(PROBLEM REQUIREMENTS):
When you retype the data, keep every word exactly and include none of the pictures.

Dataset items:
━━━━━━━━━━━━━━━━━━━━━━━━━━━━━━

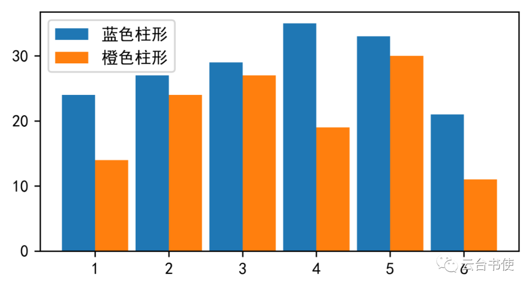 fig=plt.figure(figsize=(4,2),dpi=600)#添加画布等ax=fig.add_axes([0,0,1,1])width=0.45bar1=ax.bar(x2-width/2,y4,width)bar2=ax.bar(x2+width/2,y5,width)ax.legend([bar1,bar2],['蓝色柱形','橙色柱形'])
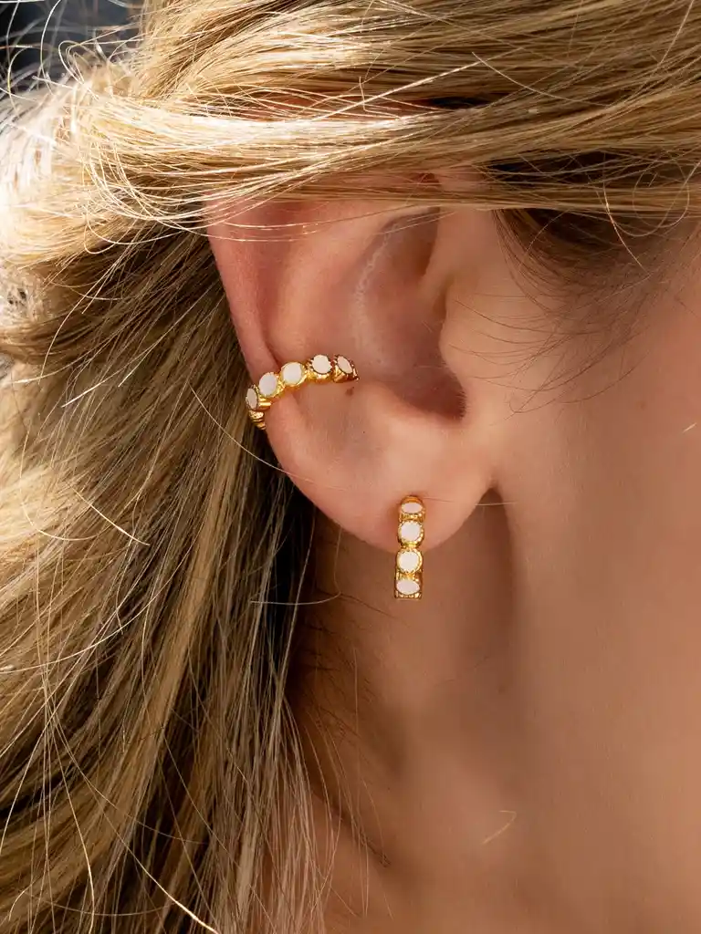 Elaborados Zamak (aleación de metales) con baño de oro de 24k. Postes antialérgicos Incluye: 1 par de candongas con puntos y 1 unidad de earcuff con puntos. NO SE PONEN NEGROS Garantía en los aretes de 2 meses en el baño. Para usar nuestros earcuffs no necesitas perforación. Hecho a mano en Colombia. Ten presente que algunas de las fotos de apoyo incluyen otros productos que se venden por separado. Nuestras earcuff y earpartys son tendencia! Nada más cool que combinar muchos aretes y earcuffs de diferentes tamaños y formas con toda seguridad serás el centro de las miradas.
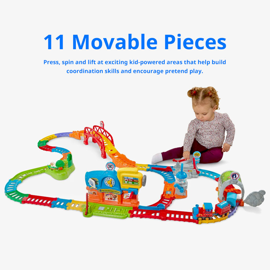 Next stop, learning fun! All aboard the motorized toy train to chug along 16 feet of track, visit six SmartPoint locations and inspire exciting adventures.
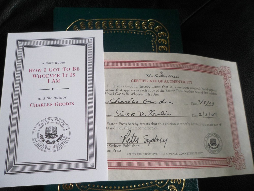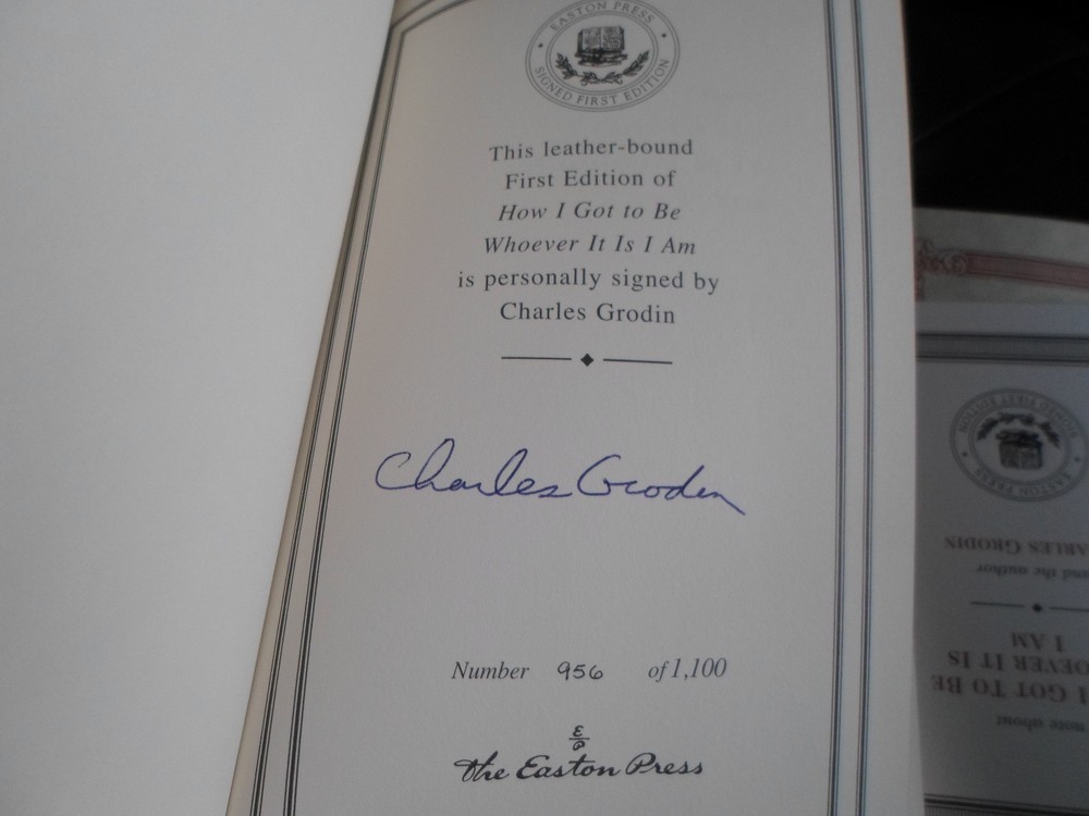 This is a leather bound signed numbered first edition of Charles Grodin's best-selling memoir - "How I Got To Be Whoever It Is I Am", the fascinating story of the well-known Hollywood actor and TV personality, describing a remarkable career spanning more than half a century. In his candid and engaging new book HOW I GOT TO BE WHOEVER IT IS I AM, successful actor, author, and activist, Charles Grodin, looks back at the major events and private moments that have shaped his life. And, since Grodin is one of the best storytellers around, he can't help but entertain while offering insight gained from a wealth of experience. The combination of being impeached as class president by his fifth grade teacher (and then winning many school elections thereafter) with being thrown out of Hebrew School for asking too many questions (only to find a much better teacher as a result) informed Grodin's view of himself and made him adept at dealing with rejection--an important skill for an actor. Grodin's success in plays in high school and adventures in college theater led him to a career in acting, studying with the great teachers like Uta Hagen and Lee Strasberg. Grodin shares behind-the-scenes tales of working on plays like Same Time Next Year and movies like The Heartbreak Kid and Midnight Run --even how close he came to playing the lead in The Graduate. His stories feature the many actors, directors, writers, and producers, with whom he's worked, such as Robert DeNiro, Dustin Hoffman, Johnny Carson, Orson Welles, Warren Beatty, and other colorful characters. Grodin's greatest work isn't limited to stage and screen, however. He has been an award winning talk show host and commentator on Sixty Minutes II , and he reveals insights about the political and personal side of journalism and some of the larger-than-life characters he's interviewed. Still, it is the personal aspects of Grodin's life that are truly revealing and funny. He shares intimate anecdotes of humorous dating experiences during the carefree 70s along with stories of what it was like to be a young actor then with friends and colleagues like Robert Redford, Gene Wilder, and Dustin Hoffman. The book is in excellent condition. It is unread, and only opened to check the number and the signature. Signed by the famous Hollywood star on the limitation page, this is number 956 of 1100 copies ever printed. It includes the signed and dated certificate of authenticity, as well as the note card. Easton Press books are the golden standard in the publishing industry, highly collectible and lasting generations. Easton Press Full Genuine Leather Dubbed Spine Accented Wit 22 kt. Real Gold Satin Ribbon Page Marker Distinctive Cover Design Gilded Page Edges To Protect Against Humidity High Quality Acid - Free paper Smyth-Sewn Pages Silk-Moire Endleaves I combine multiple items for savings on shipping charges. I ship worldwide. Please ask about international shipping charges and/or different shipping options. Please check out my other auctions for several rare signed books for sale. Thank you!
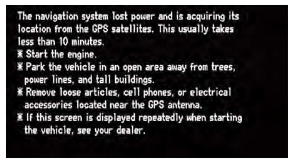 5. If the system does not initialize within 10 minutes, the screen (shown) appears. The system is still initializing but does not automatically exit to the screen above when initialization is complete. Do not immediately follow the instructions on the screen. After 30 minutes, try restarting the vehicle to see if the navigation system completed the initialization. If not, follow the instructions on the screen.
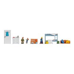 Whilst outdoor scenes are brilliant fun to create, you might also want to show what's happening inside the buildings on your layout. Noch has developed a superb range of themed interior sets that include both figures and furniture. Their 'Dining Room' set is particularly charming, featuring a family of four with a fully laid table, chairs, shelf, chest of drawers and even a door: everything you need to create a cosy family mealtime scene. The 'Children's Room' set captures the playful chaos of family life with a mother, two children, a bunk bed, chest of drawers and various toys. For a more relaxed atmosphere, the 'Living Room' set depicts a man in an armchair and a couple on the sofa, complete with wall unit, coffee table and television.
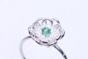 繊細なデザイン、細やかなテクスチャ、留められた硝子の美しさ。 モノクロ世界の銀色の葉に乗った朝露が そこだけ天然色を得たように緑色に光る… 光の加減によってはエメラルドの様でもあり 又パライバの様でもある朝露の色に 度々目を奪われ見惚れてしまいます。 形状上着用時に服などへのひっかかりは感じますが この指輪を着けらる幸せに比べればなんでもありません! 素敵な作品をお譲りいただき有難うございました!
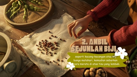 2. Ambil sejumlah biji, seperti kacang-kacangan atau biji bunga matahari, kemudian sebarkan secara merata di atas tisu yang lembab.

━━━━━━━━━━━━━━━━━━━━━━━━━━━━━━

(WRITTEN SOLUTION):
 fig=plt.figure(figsize=(4,2),dpi=600)#添加画布等ax=fig.add_axes([0,0,1,1])width=0.45bar1=ax.bar(x2-width/2,y4,width)bar2=ax.bar(x2+width/2,y5,width)ax.legend([bar1,bar2],['蓝色柱形','橙色柱形'])
 Elaborados Zamak (aleación de metales) con baño de oro de 24k. Postes antialérgicos Incluye: 1 par de candongas con puntos y 1 unidad de earcuff con puntos. NO SE PONEN NEGROS Garantía en los aretes de 2 meses en el baño. Para usar nuestros earcuffs no necesitas perforación. Hecho a mano en Colombia. Ten presente que algunas de las fotos de apoyo incluyen otros productos que se venden por separado. Nuestras earcuff y earpartys son tendencia! Nada más cool que combinar muchos aretes y earcuffs de diferentes tamaños y formas con toda seguridad serás el centro de las miradas.
 Next stop, learning fun! All aboard the motorized toy train to chug along 16 feet of track, visit six SmartPoint locations and inspire exciting adventures.
 This is a leather bound signed numbered first edition of Charles Grodin's best-selling memoir - "How I Got To Be Whoever It Is I Am", the fascinating story of the well-known Hollywood actor and TV personality, describing a remarkable career spanning more than half a century. In his candid and engaging new book HOW I GOT TO BE WHOEVER IT IS I AM, successful actor, author, and activist, Charles Grodin, looks back at the major events and private moments that have shaped his life. And, since Grodin is one of the best storytellers around, he can't help but entertain while offering insight gained from a wealth of experience. The combination of being impeached as class president by his fifth grade teacher (and then winning many school elections thereafter) with being thrown out of Hebrew School for asking too many questions (only to find a much better teacher as a result) informed Grodin's view of himself and made him adept at dealing with rejection--an important skill for an actor. Grodin's success in plays in high school and adventures in college theater led him to a career in acting, studying with the great teachers like Uta Hagen and Lee Strasberg. Grodin shares behind-the-scenes tales of working on plays like Same Time Next Year and movies like The Heartbreak Kid and Midnight Run --even how close he came to playing the lead in The Graduate. His stories feature the many actors, directors, writers, and producers, with whom he's worked, such as Robert DeNiro, Dustin Hoffman, Johnny Carson, Orson Welles, Warren Beatty, and other colorful characters. Grodin's greatest work isn't limited to stage and screen, however. He has been an award winning talk show host and commentator on Sixty Minutes II , and he reveals insights about the political and personal side of journalism and some of the larger-than-life characters he's interviewed. Still, it is the personal aspects of Grodin's life that are truly revealing and funny. He shares intimate anecdotes of humorous dating experiences during the carefree 70s along with stories of what it was like to be a young actor then with friends and colleagues like Robert Redford, Gene Wilder, and Dustin Hoffman. The book is in excellent condition. It is unread, and only opened to check the number and the signature. Signed by the famous Hollywood star on the limitation page, this is number 956 of 1100 copies ever printed. It includes the signed and dated certificate of authenticity, as well as the note card. Easton Press books are the golden standard in the publishing industry, highly collectible and lasting generations. Easton Press Full Genuine Leather Dubbed Spine Accented Wit 22 kt. Real Gold Satin Ribbon Page Marker Distinctive Cover Design Gilded Page Edges To Protect Against Humidity High Quality Acid - Free paper Smyth-Sewn Pages Silk-Moire Endleaves I combine multiple items for savings on shipping charges. I ship worldwide. Please ask about international shipping charges and/or different shipping options. Please check out my other auctions for several rare signed books for sale. Thank you!
 5. If the system does not initialize within 10 minutes, the screen (shown) appears. The system is still initializing but does not automatically exit to the screen above when initialization is complete. Do not immediately follow the instructions on the screen. After 30 minutes, try restarting the vehicle to see if the navigation system completed the initialization. If not, follow the instructions on the screen.
 Whilst outdoor scenes are brilliant fun to create, you might also want to show what's happening inside the buildings on your layout. Noch has developed a superb range of themed interior sets that include both figures and furniture. Their 'Dining Room' set is particularly charming, featuring a family of four with a fully laid table, chairs, shelf, chest of drawers and even a door: everything you need to create a cosy family mealtime scene. The 'Children's Room' set captures the playful chaos of family life with a mother, two children, a bunk bed, chest of drawers and various toys. For a more relaxed atmosphere, the 'Living Room' set depicts a man in an armchair and a couple on the sofa, complete with wall unit, coffee table and television.
 繊細なデザイン、細やかなテクスチャ、留められた硝子の美しさ。 モノクロ世界の銀色の葉に乗った朝露が そこだけ天然色を得たように緑色に光る… 光の加減によってはエメラルドの様でもあり 又パライバの様でもある朝露の色に 度々目を奪われ見惚れてしまいます。 形状上着用時に服などへのひっかかりは感じますが この指輪を着けらる幸せに比べればなんでもありません! 素敵な作品をお譲りいただき有難うございました!
 2. Ambil sejumlah biji, seperti kacang-kacangan atau biji bunga matahari, kemudian sebarkan secara merata di atas tisu yang lembab.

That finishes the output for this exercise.